Best of the bunch comes early on, though, as Xavier, Beast and Wolverine descend on the Pentagon with Quicksilver (as a Kick-Ass player, one wonders if Evan Peters was Vaughn’s pick) to release Magneto. The breakout is impressive enough but, just as they’re in sight of freedom, guards block their exit. Quicksilver’s visualisation (silver hair?!!) looked entirely crappy in the promotional materials, but in action he is nigh on perfect. Apparently, he isn’t much like the comics’ Quicksilver (I can see he’s nothing like the Joss Whedon one) but I’m choosing to take the position that what I don’t know won’t hurt me.

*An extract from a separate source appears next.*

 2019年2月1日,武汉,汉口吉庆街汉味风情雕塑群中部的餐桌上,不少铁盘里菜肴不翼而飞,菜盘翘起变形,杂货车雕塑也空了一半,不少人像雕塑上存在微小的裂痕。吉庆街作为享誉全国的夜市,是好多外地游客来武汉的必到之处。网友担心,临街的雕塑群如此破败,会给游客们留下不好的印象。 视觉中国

I don’t even mind that he shouldn’t really have a Walkman in 1973, since the scene where he overpowers the heavies in superfast superslow motion to the accompaniment of Jim Croce’s Time in a Bottle, rearranging bullets, fists, guns, and consuming food and drink, is visually remarkable and giddily hilarious. And it’s capped with the sublime punch line of the sudden jump back to normal time. I’m quite glad the character is unceremoniously cast aside immediately afterwards, as this is a perfect example of leaving the audience wanting more. And really, how could Singer top that?

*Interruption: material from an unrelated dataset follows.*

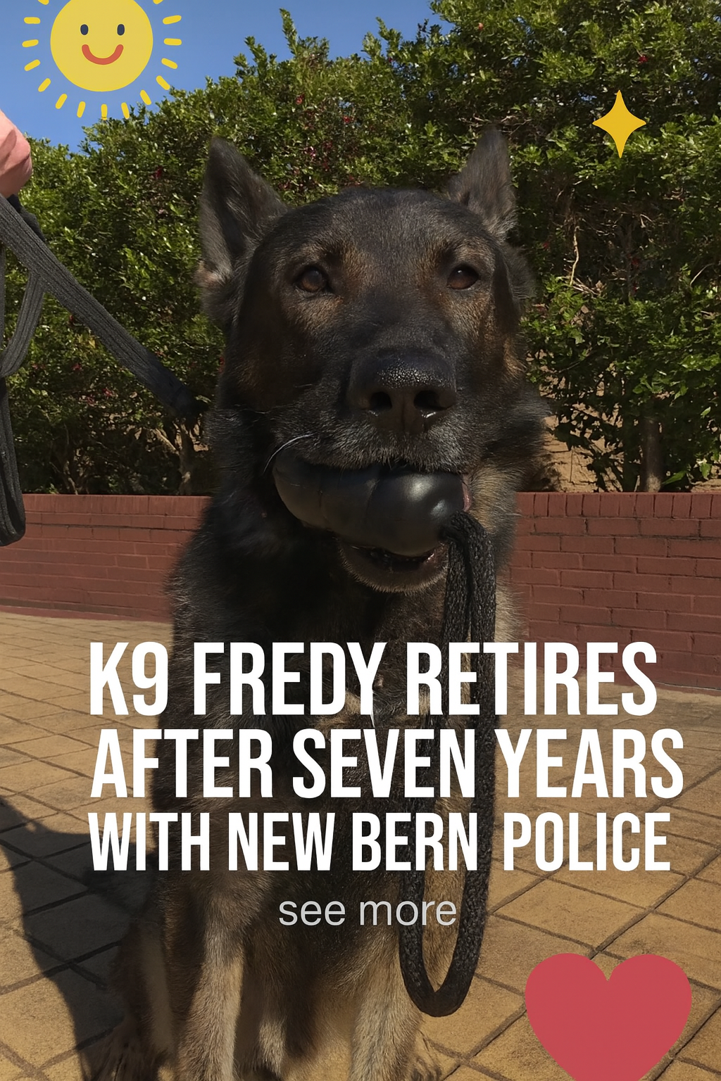 K9 Fredy is an eight-year-old German Shepherd. He was sworn in with the New Bern Police Department in 2019 with his handler, Geoffrey Fulton.

There are, of course, the nagging elements that don’t quite work. I’m not in the know on the specifics of most mutants’ abilities, which may be why I don’t bat an eyelid at Kitty’s new abilities or general misappropriation of super-talents, but even I suspected something wasn’t quite right about Mystique’s super-DNA. How does it give the Sentinels the ability to mimic the gifts of any mutant again? Also, the time trail to her assassination of Trask feels a little under-developed; it could have done with a few more building blocks and twists to mask the rather straightforward cause-and-effect.

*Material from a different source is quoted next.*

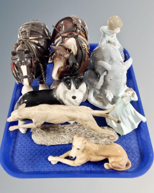 A tray of ceramic ornaments, shire horses, Coalport figure etc
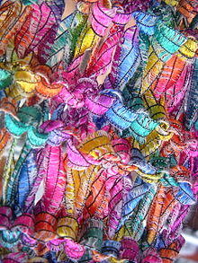 Drop-stitch knitting is a knitting technique for producing open, vertical stripes in a garment. The basic idea is to knit a solid fabric, then (deliberately) drop one or more stitches (i.e., draw a loop out from the loop below it, and so on repeatedly), producing a run (or ladder) in the fabric. The run will continue to the bottom (i.e., cast-on) edge of the garment, or until it encounters an increase, at which it stops.

Then there are Trask’s very conveniently ready-and-waiting hi-tech ’70s Sentinels. It’s an obvious choice really, or you don’t have a climax and no opportunity for escalation unless you’re willing to have Wolverine jump ahead another ten years to encounter the now fully capable technology forty years early (now that might have been neat… but wait, that’s the next film). Presumably the argument is that it’s only Trask’s nous that gets them up and running so quickly. In the original timeline, with him out of the picture, it takes another half century to set them off. Really?
Even with the young guns, certain plot beats aren’t fully reinvigorated. The usual impasse between Charles and Erik may be necessary, and perhaps it works in the comics. And I’m all for an inventive Magneto prison break every sequel, but the producers either need to take a different take or get rid of Kinsberg or both. The newspaper headlines filling us in on the divergent 1973 are also a somewhat cheesy; the announcement that the mutants have saved the President and that Trask has been imprisoned for arms trading carry an unfortunate “rush to wrap things up” vibe. The flipside is the acceleration of global awareness of mutants, which is an effective plot device.
I was left wondering how the post-credits teaser for X-Men: Apocalypse would feed into the new future of 2023 (where everyone’s alive – yay! Snore). But it seems Days of Future Past is most likely the curtain call for the elderly Xs, at least until someone surfs a fresh wave of nostalgia. Apocalypse will be set in the ’80s, with the First Class thesps (and Jackman, naturally). Which should make me happy, as underwhelming as the teaser was. X-Men is taking a Watchmen-esque era-spanning approach, it seems, one that so far has yielded dividends through appropriating history as it sees fit. There will be new Cyclops, Jean Grey, Storm and Gambit (Channing Tatum). Just as long as Fassbender, McAvoy and Lawrence still get all the good stuff.